A3-Doc

A3-Doc is a document + chart understanding specialist in the Schneewolf Labs A-series — a focused-excellence Stage-2 full fine-tune of A3 on ChartDocMix-v1. Where A3-Instruct is the generalist sibling, A3-Doc trades breadth for depth on the ChartQA / DocVQA / InfoVQA / TextVQA / OCRBench class of tasks.

What it is

Architecture Qwen3-VL ViT (frozen, ~0.41 B) + 2-layer MLP projector (trained) + A2/Mistral decoder (full FFT)
Total params 12.69 B (12.28 B trainable in Stage-2; ViT frozen)
Base schneewolflabs/A3
Training corpus schneewolflabs/ChartDocMix-v1 (241,435 rows: ~96% doc/chart/OCR VQA + 4% identity rehearsal)
Epochs 1 (15,075 steps)
Effective batch 16 (bs 1 × grad-accum 16)
Optimizer paged AdamW 8-bit
Learning rate 1e-5, cosine, warmup 3%
Max seq length 2048
Vision token cap max_pixels = 512×512 (262 K px) — see the resolution note below
Hardware 1× NVIDIA GB10 (DGX Spark, 128 GB unified)
Wall-clock ~3.3 days
Final eval loss 0.499 (down from 0.647 at the first eval)

The single-domain corpus is far more learnable than the generalist mix: A3-Doc reaches eval loss 0.499, well under A3-Instruct's 0.752 on the broad corpus.

Benchmarks

Greedy decoding, lmms-eval terse-answer prompt convention, 500-row validation slices (a fast read — see caveats).

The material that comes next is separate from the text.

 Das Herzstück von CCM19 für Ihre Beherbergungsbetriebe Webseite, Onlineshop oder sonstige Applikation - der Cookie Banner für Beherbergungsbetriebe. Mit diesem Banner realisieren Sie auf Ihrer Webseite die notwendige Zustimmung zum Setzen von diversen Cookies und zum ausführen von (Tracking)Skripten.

Metrics: ChartQA relaxed accuracy, DocVQA / InfoVQA ANLS, TextVQA VQA-accuracy, OCRBench contains-accuracy.

Benchmark A3-Doc Metric
ChartQA 53.2 relaxed acc
DocVQA 48.4 ANLS
InfoVQA 34.2 ANLS
TextVQA 71.6 VQA acc
OCRBench 67.0 (670/1000) contains

For a Path-B graft trained on 241 K rows, TextVQA and OCRBench are genuinely respectable — scene-text and OCR transferred well. DocVQA/InfoVQA are the weak spots, and the reason is known (below).

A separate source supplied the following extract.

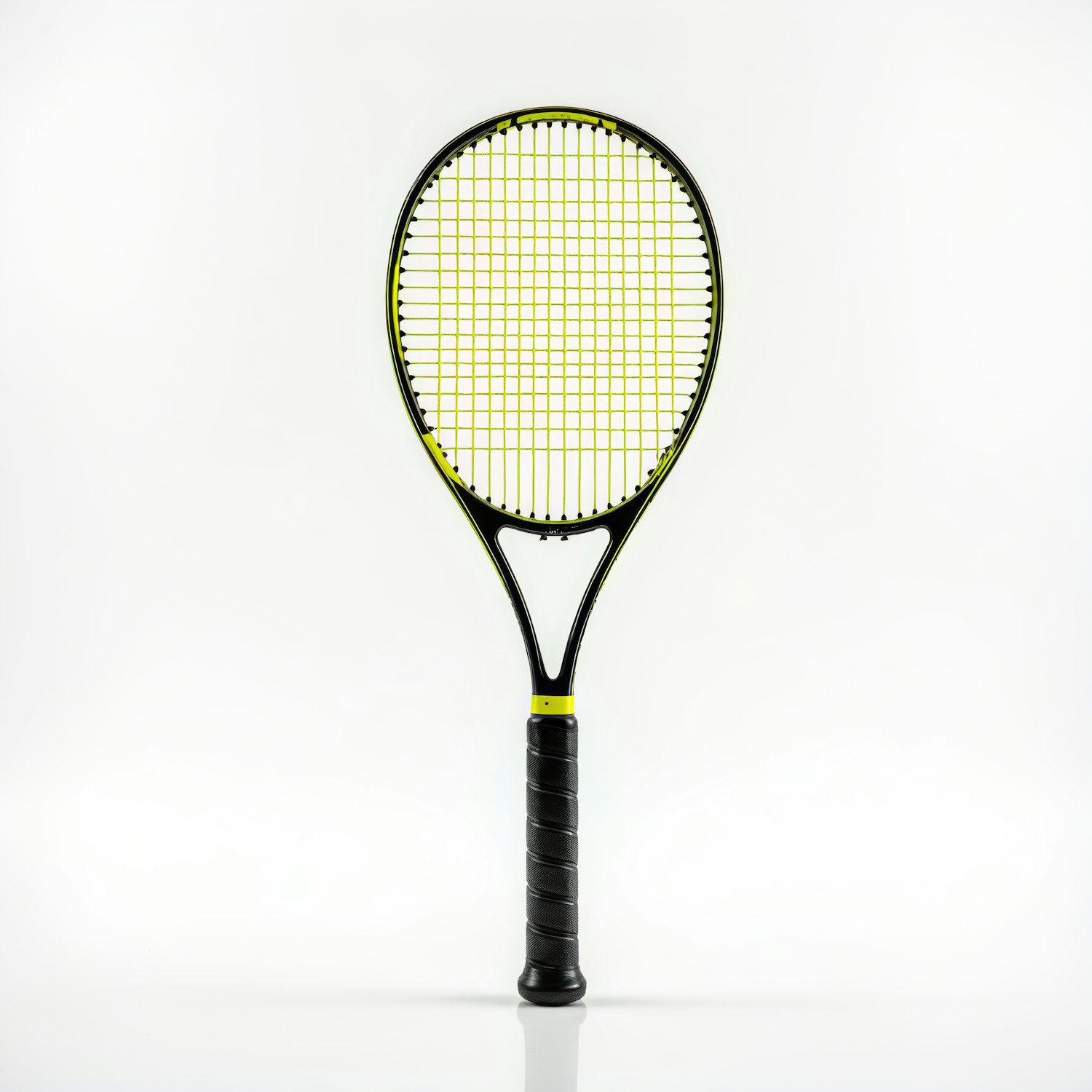 Sleek tennis racket with black frame and yellow strings on a white background, showcasing modern design and functionality.

Caveats: numbers are a 500-row slice, not full splits. ChartQA's test split interleaves human_test (harder) and augmented_test (easier) and the published number averages both — a flat 500-row sample may over-represent one type. Treat these as indicative, not leaderboard-final.

The resolution finding (important)

A3-Doc was trained and evaluated at max_pixels = 512×512. DocVQA and InfoVQA are high-resolution document scans where text is tiny, so at 512² much of the text is illegible. This is the dominant limiter on those two tasks.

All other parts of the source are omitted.